WHAT THE TASK ASKS. The line with "разные моменты затяжки!" marks the first line to copy, and the line with "business people and" marks the last. Transcribe that stretch of the data below exactly, without pictures.

┌─ RECORDS FOR THIS TASK

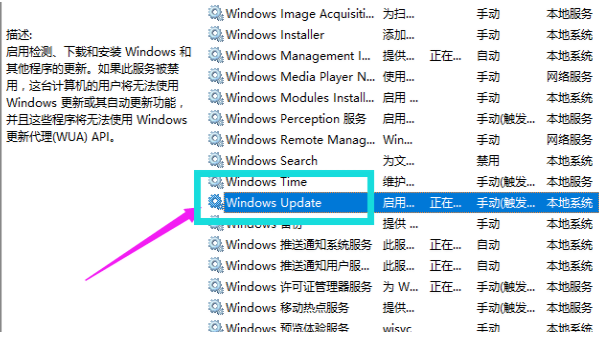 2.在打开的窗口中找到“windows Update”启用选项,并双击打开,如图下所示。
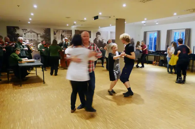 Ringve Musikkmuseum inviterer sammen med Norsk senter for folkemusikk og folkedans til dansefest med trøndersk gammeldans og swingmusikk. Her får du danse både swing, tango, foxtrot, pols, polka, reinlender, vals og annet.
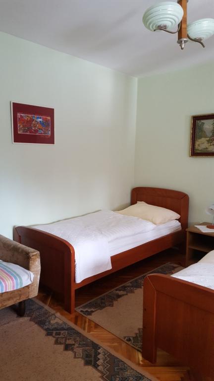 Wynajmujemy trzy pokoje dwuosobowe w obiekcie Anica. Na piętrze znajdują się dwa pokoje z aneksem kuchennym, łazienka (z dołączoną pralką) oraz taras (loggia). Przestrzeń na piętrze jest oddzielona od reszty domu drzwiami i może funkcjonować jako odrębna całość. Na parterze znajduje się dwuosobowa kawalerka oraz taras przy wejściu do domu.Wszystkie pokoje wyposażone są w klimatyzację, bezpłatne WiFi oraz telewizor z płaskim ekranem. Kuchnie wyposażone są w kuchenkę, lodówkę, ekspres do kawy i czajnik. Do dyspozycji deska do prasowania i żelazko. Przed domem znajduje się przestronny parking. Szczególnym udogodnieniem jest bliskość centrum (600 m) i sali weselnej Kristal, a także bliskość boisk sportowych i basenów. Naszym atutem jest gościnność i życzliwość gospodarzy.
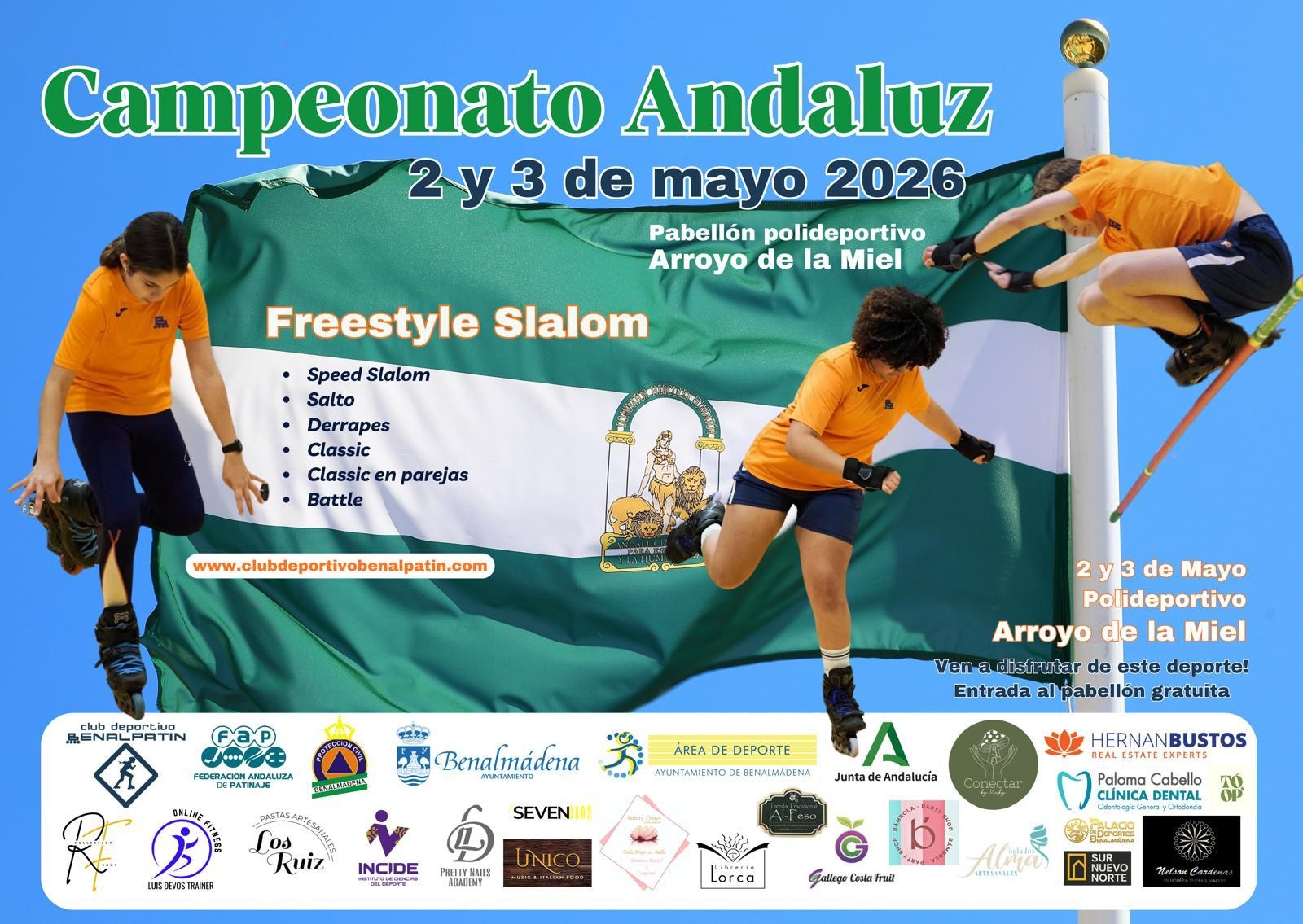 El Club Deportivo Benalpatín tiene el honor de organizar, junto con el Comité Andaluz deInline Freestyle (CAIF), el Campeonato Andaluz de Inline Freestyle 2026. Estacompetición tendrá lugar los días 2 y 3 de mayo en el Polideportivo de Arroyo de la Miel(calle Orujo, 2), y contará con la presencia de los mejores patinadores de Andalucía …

└─
┌─ RECORDS FOR THIS TASK

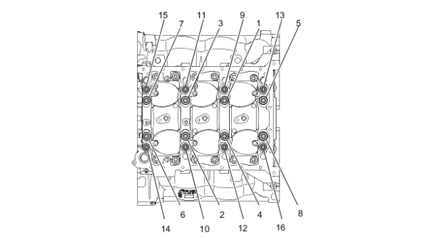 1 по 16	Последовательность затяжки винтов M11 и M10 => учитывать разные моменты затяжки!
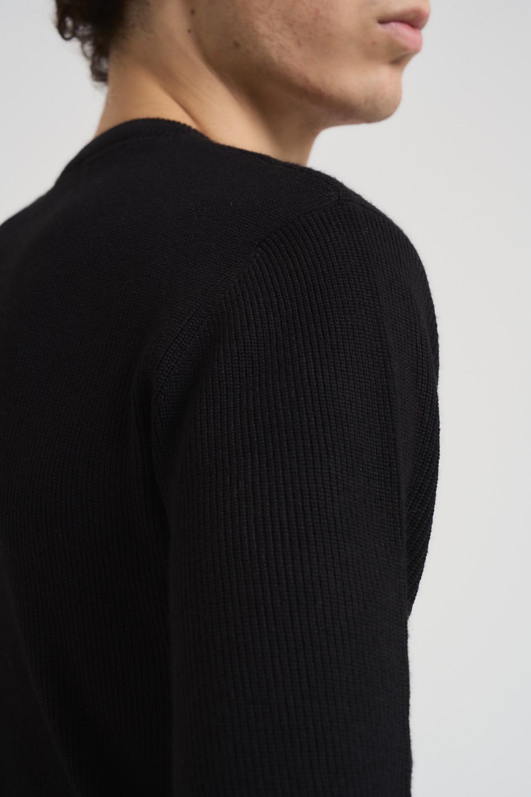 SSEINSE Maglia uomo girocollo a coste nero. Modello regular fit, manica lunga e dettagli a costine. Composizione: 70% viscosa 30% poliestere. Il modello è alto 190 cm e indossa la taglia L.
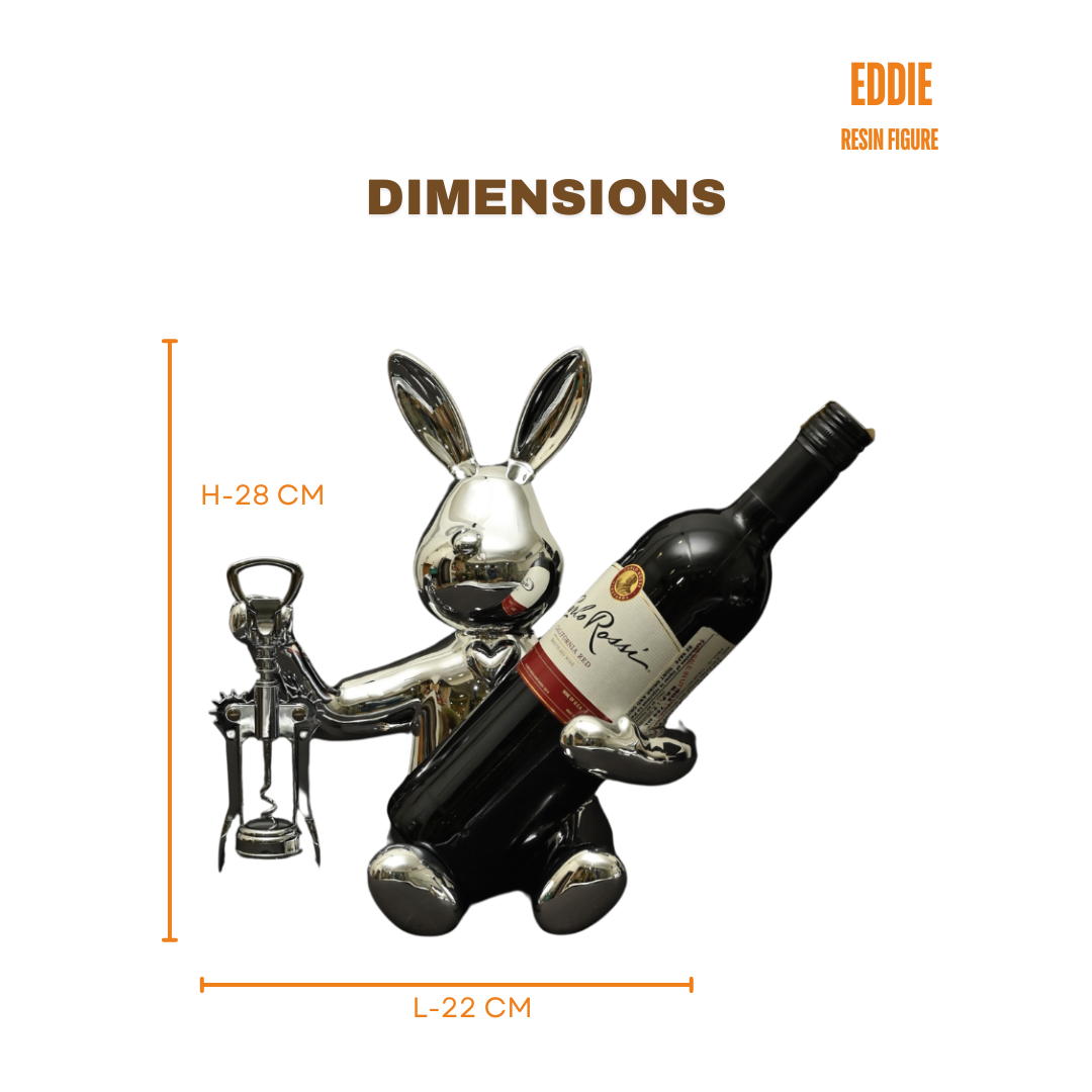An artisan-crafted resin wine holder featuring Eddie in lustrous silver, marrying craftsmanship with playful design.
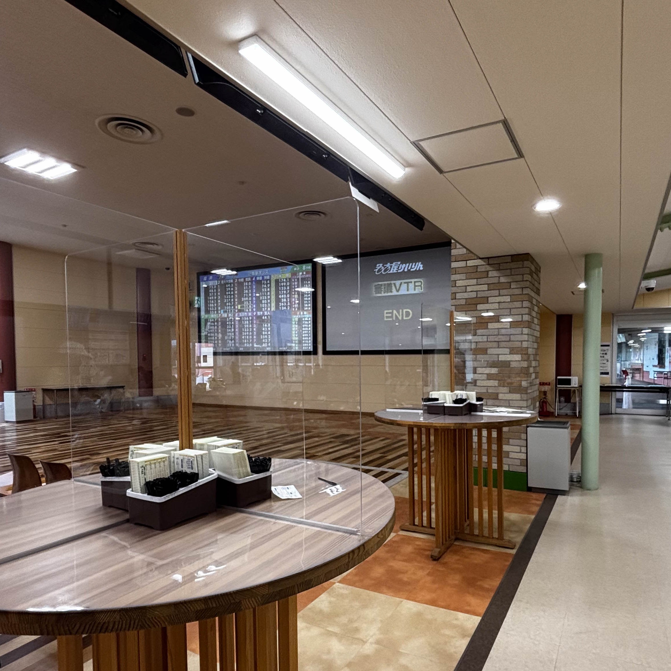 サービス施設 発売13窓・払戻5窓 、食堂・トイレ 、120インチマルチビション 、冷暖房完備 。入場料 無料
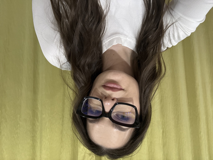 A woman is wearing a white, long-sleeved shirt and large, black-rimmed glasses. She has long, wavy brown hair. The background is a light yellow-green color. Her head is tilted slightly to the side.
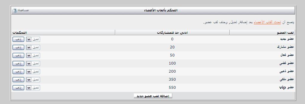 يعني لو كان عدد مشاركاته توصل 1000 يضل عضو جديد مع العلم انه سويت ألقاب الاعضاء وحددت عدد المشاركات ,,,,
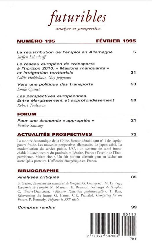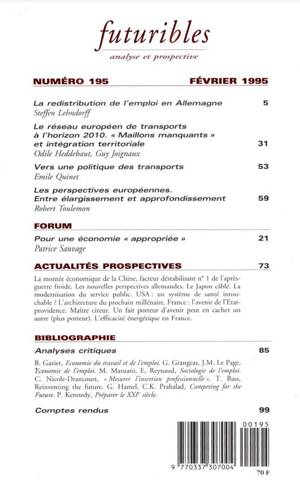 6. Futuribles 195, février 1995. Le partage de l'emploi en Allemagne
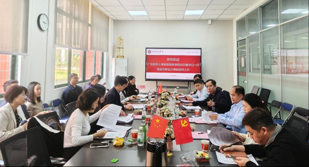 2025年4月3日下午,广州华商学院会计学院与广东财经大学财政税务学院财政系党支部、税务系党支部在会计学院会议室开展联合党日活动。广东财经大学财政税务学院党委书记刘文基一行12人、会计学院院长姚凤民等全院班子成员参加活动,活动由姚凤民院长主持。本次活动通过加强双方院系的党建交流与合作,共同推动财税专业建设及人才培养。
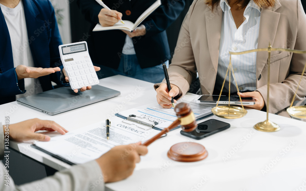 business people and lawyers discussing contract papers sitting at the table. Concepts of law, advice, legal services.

└─
┌─ RECORDS FOR THIS TASK

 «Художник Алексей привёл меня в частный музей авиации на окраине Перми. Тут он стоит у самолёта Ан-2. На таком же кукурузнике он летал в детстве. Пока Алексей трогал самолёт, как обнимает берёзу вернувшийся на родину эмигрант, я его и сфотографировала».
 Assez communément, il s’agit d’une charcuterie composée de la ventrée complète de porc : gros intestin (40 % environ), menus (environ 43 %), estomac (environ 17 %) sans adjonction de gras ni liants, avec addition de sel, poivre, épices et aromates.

└─

WRITTEN SOLUTION.
 1 по 16	Последовательность затяжки винтов M11 и M10 => учитывать разные моменты затяжки!
 SSEINSE Maglia uomo girocollo a coste nero. Modello regular fit, manica lunga e dettagli a costine. Composizione: 70% viscosa 30% poliestere. Il modello è alto 190 cm e indossa la taglia L.
An artisan-crafted resin wine holder featuring Eddie in lustrous silver, marrying craftsmanship with playful design.
 サービス施設 発売13窓・払戻5窓 、食堂・トイレ 、120インチマルチビション 、冷暖房完備 。入場料 無料
 A woman is wearing a white, long-sleeved shirt and large, black-rimmed glasses. She has long, wavy brown hair. The background is a light yellow-green color. Her head is tilted slightly to the side.
 يعني لو كان عدد مشاركاته توصل 1000 يضل عضو جديد مع العلم انه سويت ألقاب الاعضاء وحددت عدد المشاركات ,,,,
 6. Futuribles 195, février 1995. Le partage de l'emploi en Allemagne
 2025年4月3日下午,广州华商学院会计学院与广东财经大学财政税务学院财政系党支部、税务系党支部在会计学院会议室开展联合党日活动。广东财经大学财政税务学院党委书记刘文基一行12人、会计学院院长姚凤民等全院班子成员参加活动,活动由姚凤民院长主持。本次活动通过加强双方院系的党建交流与合作,共同推动财税专业建设及人才培养。
 business people and lawyers discussing contract papers sitting at the table. Concepts of law, advice, legal services.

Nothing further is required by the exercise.